● **WORK REQUEST**
A verbatim reproduction of the following listing is required; omit the pictures.

● **EXERCISE INPUT**
- Opening Delimiter -

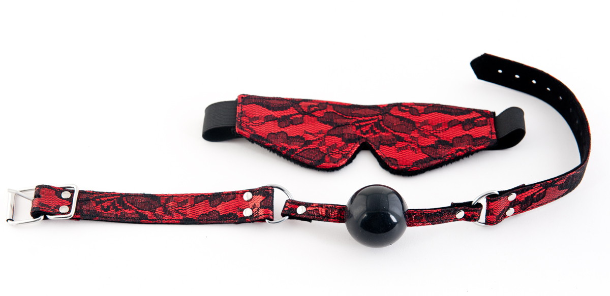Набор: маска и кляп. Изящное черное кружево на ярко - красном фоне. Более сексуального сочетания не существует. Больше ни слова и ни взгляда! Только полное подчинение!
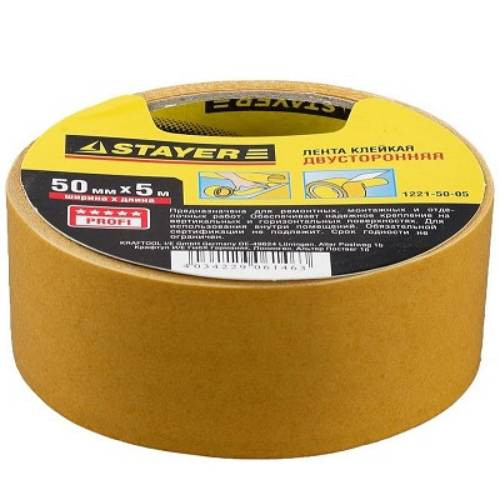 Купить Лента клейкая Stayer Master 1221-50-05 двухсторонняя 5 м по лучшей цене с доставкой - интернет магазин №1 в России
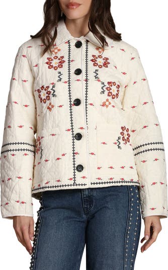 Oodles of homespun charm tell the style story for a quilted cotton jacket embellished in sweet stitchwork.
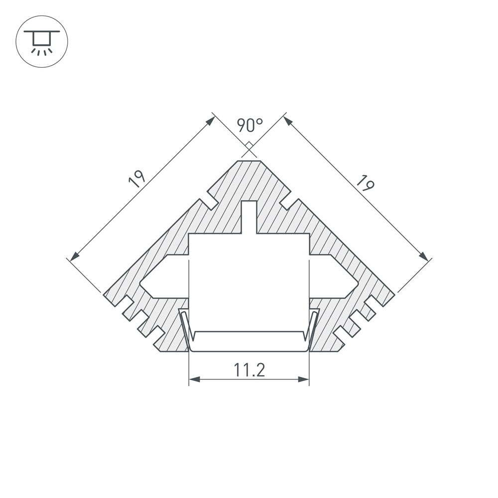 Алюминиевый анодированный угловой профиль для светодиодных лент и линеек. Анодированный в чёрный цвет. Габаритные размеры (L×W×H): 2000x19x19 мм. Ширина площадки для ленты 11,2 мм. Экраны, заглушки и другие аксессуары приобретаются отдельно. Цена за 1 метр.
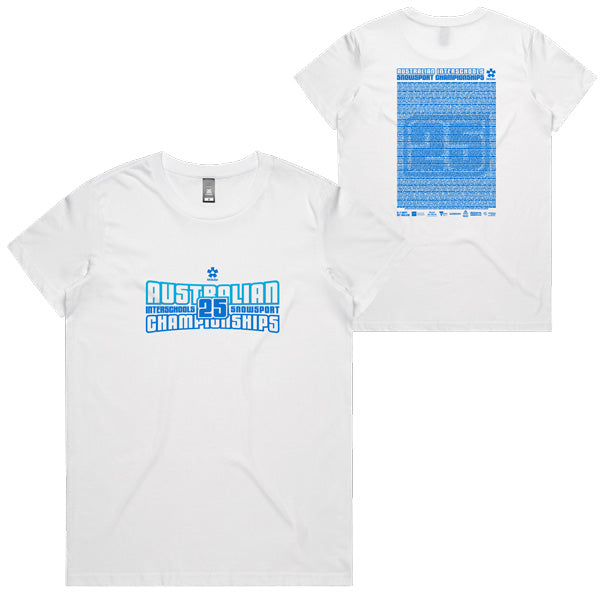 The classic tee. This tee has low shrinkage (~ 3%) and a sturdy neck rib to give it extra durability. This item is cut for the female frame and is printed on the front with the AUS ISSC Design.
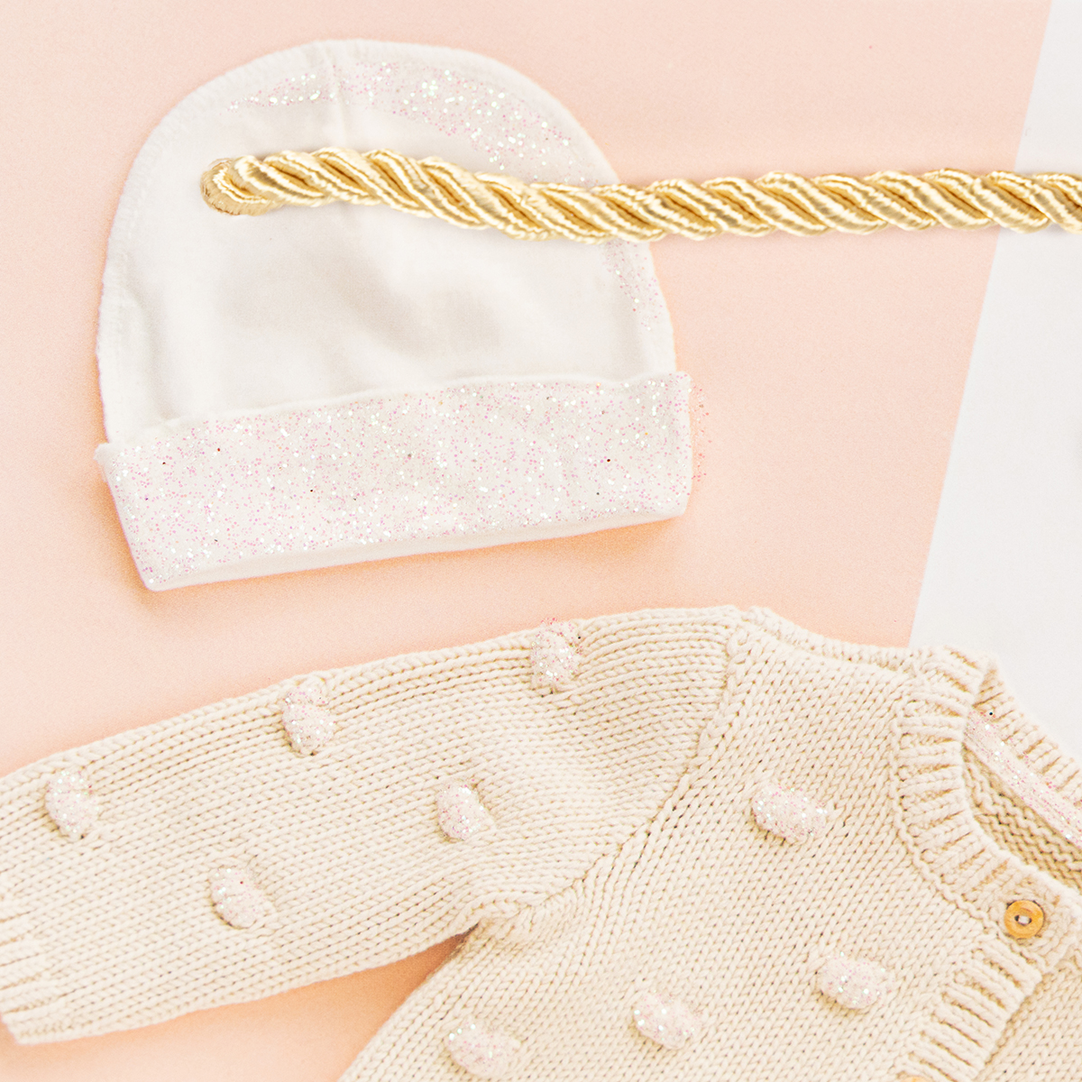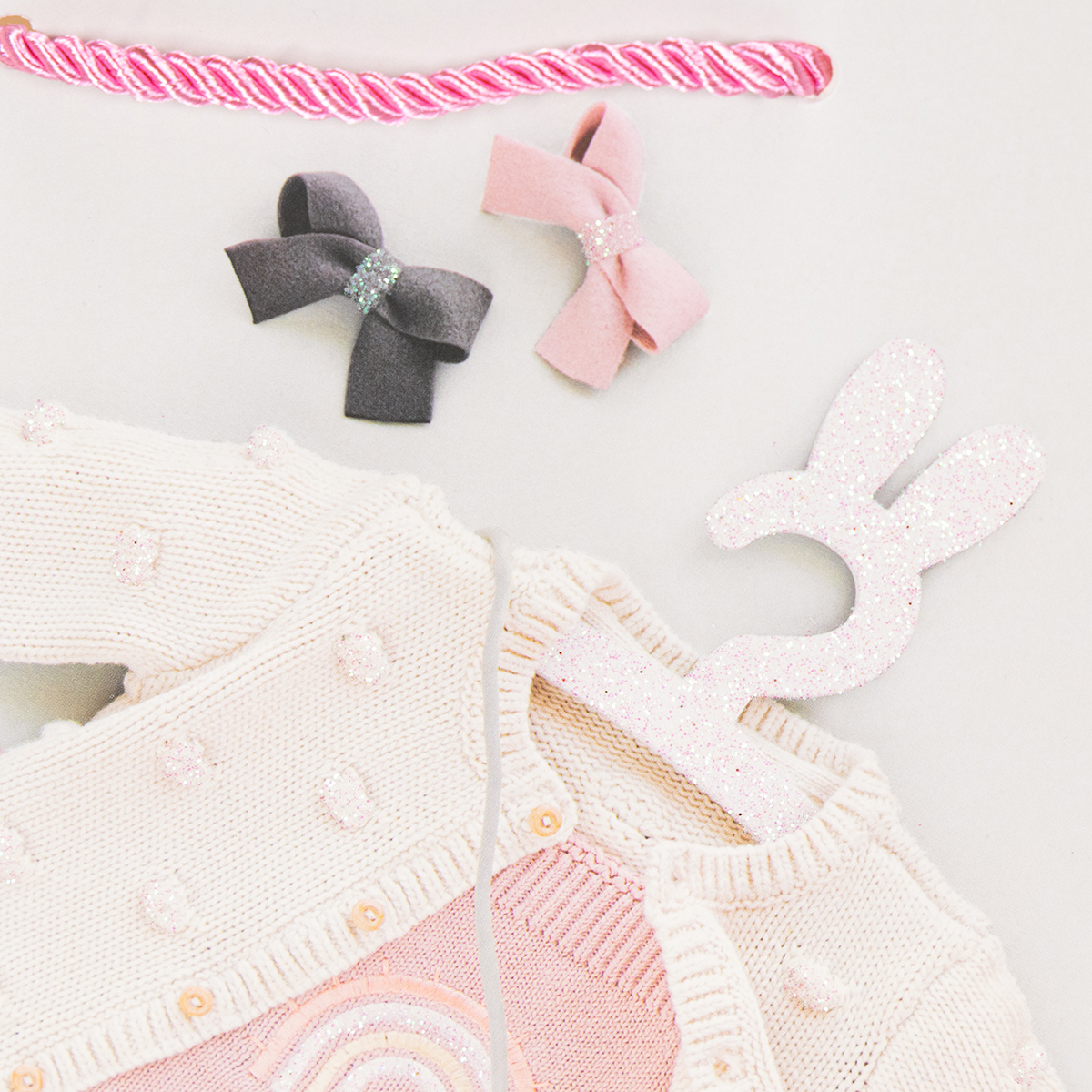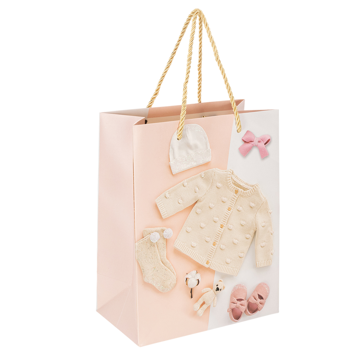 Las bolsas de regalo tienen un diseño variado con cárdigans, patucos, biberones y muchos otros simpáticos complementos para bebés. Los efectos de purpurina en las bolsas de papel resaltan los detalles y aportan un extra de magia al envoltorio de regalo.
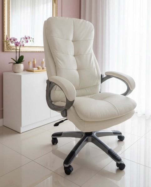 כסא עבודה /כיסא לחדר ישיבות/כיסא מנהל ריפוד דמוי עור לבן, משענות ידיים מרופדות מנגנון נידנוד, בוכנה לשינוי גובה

- Closing Delimiter -

● **RESPONSE TO THE EXERCISE**
Набор: маска и кляп. Изящное черное кружево на ярко - красном фоне. Более сексуального сочетания не существует. Больше ни слова и ни взгляда! Только полное подчинение!
 Купить Лента клейкая Stayer Master 1221-50-05 двухсторонняя 5 м по лучшей цене с доставкой - интернет магазин №1 в России
 Oodles of homespun charm tell the style story for a quilted cotton jacket embellished in sweet stitchwork.
 Алюминиевый анодированный угловой профиль для светодиодных лент и линеек. Анодированный в чёрный цвет. Габаритные размеры (L×W×H): 2000x19x19 мм. Ширина площадки для ленты 11,2 мм. Экраны, заглушки и другие аксессуары приобретаются отдельно. Цена за 1 метр.
 The classic tee. This tee has low shrinkage (~ 3%) and a sturdy neck rib to give it extra durability. This item is cut for the female frame and is printed on the front with the AUS ISSC Design.
 Las bolsas de regalo tienen un diseño variado con cárdigans, patucos, biberones y muchos otros simpáticos complementos para bebés. Los efectos de purpurina en las bolsas de papel resaltan los detalles y aportan un extra de magia al envoltorio de regalo.
 כסא עבודה /כיסא לחדר ישיבות/כיסא מנהל ריפוד דמוי עור לבן, משענות ידיים מרופדות מנגנון נידנוד, בוכנה לשינוי גובה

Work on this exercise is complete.